The old man seemed to grow taller. He stretched his hand to where the Casino glittered like a crown of gems.

“I am eighty years old to-day. I have a feeling that I shall never see another birthday. But there is one thing I hope to do before I die ... to ruin that accursed place.”

Hugh stared at him.

“I speak for the good of humanity, I speak because of the evil it has done in the past, the harm it can do in years to come. I speak in behalf of its thousand of blasted homes, its broken hearts, its shameful graves. Ah! you only see the beautiful surface. You do not see below. But I do. And to my eyes yonder rock on which it stands, is built of human skulls, the waves that lap it are tears and blood. Look at the loveliness of earth and sky, the purple mountain rising from the silver sea, the dreamlike peace, the soft and gentle air. No painted picture was ever half so beautiful. How happy all might be here! A paradise, a human paradise; but because of that place, a poisoned paradise.”

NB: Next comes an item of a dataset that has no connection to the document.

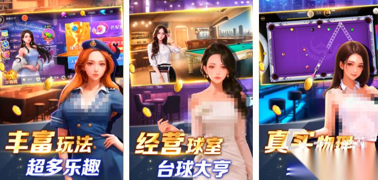 玩法丰富模拟感真实的趣味台球模拟游戏,玩家将会拥有一座繁华的台球厅,不仅需要将其经营发展起来,还可以在挑战台球厅中匹配各路对手。全新的物理碰撞引擎让击球碰撞的轨迹更加真实,丰富的球杆球桌给玩家不同的手感体验,更有独特赏金赛事可以挑战。还能在线匹配全世界的玩家,进行天梯擂台挑战赛,从而获得超人气的排名奖励。

Hugh stared harder. The old man’s voice was tense with passion.

“You think I am a fanatic, a madman. Wait and see. I am going to destroy that place. For years I have worked on my great plan. It is the crown of my life. In a few weeks I will begin to play. I shall win and win. By mathematics I will frustrate chance. I will compel them to close their doors, for my system is invincible. God has given me this task to do, and I will complete it before I die. Into my hands He has delivered them. I am His instrument of vengeance. Let them beware!”

In a magnificent gesture he shook his clenched fists at the Casino. When Hugh left him he was still standing like a prophet on the heights, staring down on his poisoned paradise.